基本的に加配の先生の配置基準や申請手続きは、各市区町村、自治体によって異なります。
一律の配置基準を設けている自治体もあれば、障害の程度や子どもの個性に応じて基準を設けている自治体もあります。そのため、具体的な条件や手続きについては、お住まいの自治体の窓口に確認することが必要です。
加配に関するよくある疑問

最後に、加配に関するよくある質問にお答えします。
小学校や中学校でも加配はつけてもらえる?
小学校や中学校でも、加配配置制度はあります。成長や発達に応じて加配の内容は変わりますが、目的は同じです。
希望しても加配を受けられないことがあるって本当?
特性や障害があり、障害者手帳などで障害の有無を証明できたとしても、加配を受けられない可能性があります。それは、施設の人員の問題です。
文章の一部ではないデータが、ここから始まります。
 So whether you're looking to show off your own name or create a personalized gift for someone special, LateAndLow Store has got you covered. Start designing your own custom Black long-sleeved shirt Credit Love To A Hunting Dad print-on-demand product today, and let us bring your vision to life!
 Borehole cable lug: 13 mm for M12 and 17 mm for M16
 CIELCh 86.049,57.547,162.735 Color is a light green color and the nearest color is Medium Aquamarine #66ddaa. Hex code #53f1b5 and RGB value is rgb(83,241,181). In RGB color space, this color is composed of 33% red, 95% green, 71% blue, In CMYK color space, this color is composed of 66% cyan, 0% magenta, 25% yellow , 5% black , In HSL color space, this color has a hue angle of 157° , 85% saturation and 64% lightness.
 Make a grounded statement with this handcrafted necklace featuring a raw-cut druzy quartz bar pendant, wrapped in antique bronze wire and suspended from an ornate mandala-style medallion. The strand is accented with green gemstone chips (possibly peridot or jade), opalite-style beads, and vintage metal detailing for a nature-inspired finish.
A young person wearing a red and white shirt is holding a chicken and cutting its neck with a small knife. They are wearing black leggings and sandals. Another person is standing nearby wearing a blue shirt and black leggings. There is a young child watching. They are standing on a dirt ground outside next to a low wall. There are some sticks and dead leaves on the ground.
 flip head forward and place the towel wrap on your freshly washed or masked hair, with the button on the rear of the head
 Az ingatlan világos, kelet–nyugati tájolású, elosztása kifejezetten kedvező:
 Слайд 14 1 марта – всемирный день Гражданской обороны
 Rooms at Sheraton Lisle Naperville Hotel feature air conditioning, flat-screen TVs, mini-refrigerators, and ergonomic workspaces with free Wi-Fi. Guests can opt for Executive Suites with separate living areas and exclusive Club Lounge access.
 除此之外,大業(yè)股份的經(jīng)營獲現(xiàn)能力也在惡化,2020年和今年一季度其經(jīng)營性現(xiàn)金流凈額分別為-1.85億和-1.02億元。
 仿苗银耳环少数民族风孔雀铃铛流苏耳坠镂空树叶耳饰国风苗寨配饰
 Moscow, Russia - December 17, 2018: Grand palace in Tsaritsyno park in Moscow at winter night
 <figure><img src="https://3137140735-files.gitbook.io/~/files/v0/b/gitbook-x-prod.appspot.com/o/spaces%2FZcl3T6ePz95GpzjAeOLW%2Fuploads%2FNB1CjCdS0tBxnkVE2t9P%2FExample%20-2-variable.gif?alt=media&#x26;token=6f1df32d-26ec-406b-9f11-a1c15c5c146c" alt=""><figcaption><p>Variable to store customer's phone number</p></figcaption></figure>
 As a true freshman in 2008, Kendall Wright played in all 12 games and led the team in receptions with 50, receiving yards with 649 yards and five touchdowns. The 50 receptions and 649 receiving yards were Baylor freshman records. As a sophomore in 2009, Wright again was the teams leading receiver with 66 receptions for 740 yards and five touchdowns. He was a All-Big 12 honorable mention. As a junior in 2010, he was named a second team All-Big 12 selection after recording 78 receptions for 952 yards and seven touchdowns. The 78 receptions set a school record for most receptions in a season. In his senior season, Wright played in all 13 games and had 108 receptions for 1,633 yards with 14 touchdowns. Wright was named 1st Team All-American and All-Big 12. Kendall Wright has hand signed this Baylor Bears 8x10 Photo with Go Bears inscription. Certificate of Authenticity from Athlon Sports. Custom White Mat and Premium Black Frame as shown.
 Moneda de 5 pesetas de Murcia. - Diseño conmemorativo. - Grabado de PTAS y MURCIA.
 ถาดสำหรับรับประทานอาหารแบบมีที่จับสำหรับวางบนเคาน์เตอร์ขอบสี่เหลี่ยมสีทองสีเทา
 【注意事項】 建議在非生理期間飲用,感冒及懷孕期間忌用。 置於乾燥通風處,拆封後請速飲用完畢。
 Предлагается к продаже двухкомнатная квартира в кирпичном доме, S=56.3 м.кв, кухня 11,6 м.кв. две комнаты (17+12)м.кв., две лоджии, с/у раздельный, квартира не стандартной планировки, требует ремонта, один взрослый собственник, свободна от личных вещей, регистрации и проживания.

加配配置する人材を雇用すると、施設には自治体から給付金が交付されます。しかし、交付金で人件費をすべてカバーできる訳ではなく、施設が費用を負担していることも多いです。
金銭的に加配配置の人材を雇用できない施設もあり、加配を求めても受けられない可能性があるでしょう。
加配の支援内容と受けるための条件についてのまとめ
加配とは、保育園や幼稚園、小学校などで特別な支援が必要な子どもに対し、追加の保育士や支援員を配置して個別にサポートを提供する制度です。加配により、子どもは安心して集団生活を送りながら、自分に合った支援を受けることができます。
加配の支援内容には、基本的な動作の指導や学習・技能的なサポート、集団生活の適応サポート、保護者へのサポートなどがあります。これにより、子どもの自立や社会性の向上を促し、安心できる環境を提供します。
加配を受けるには、保護者からの申請が必要であり、自治体ごとに異なる基準が設けられています。一般的には、発達の特性や障害の有無、保育の必要性、自治体の審査基準などが考慮されます。申請を希望する場合は、お住まいの自治体の窓口や保育施設に相談し、手続きを進めることが重要です。
加配制度は、子ども一人ひとりのニーズに寄り添い、成長を支える大切な仕組みです。保護者として正しい情報を得て、適切な支援を受けるための準備を進めましょう。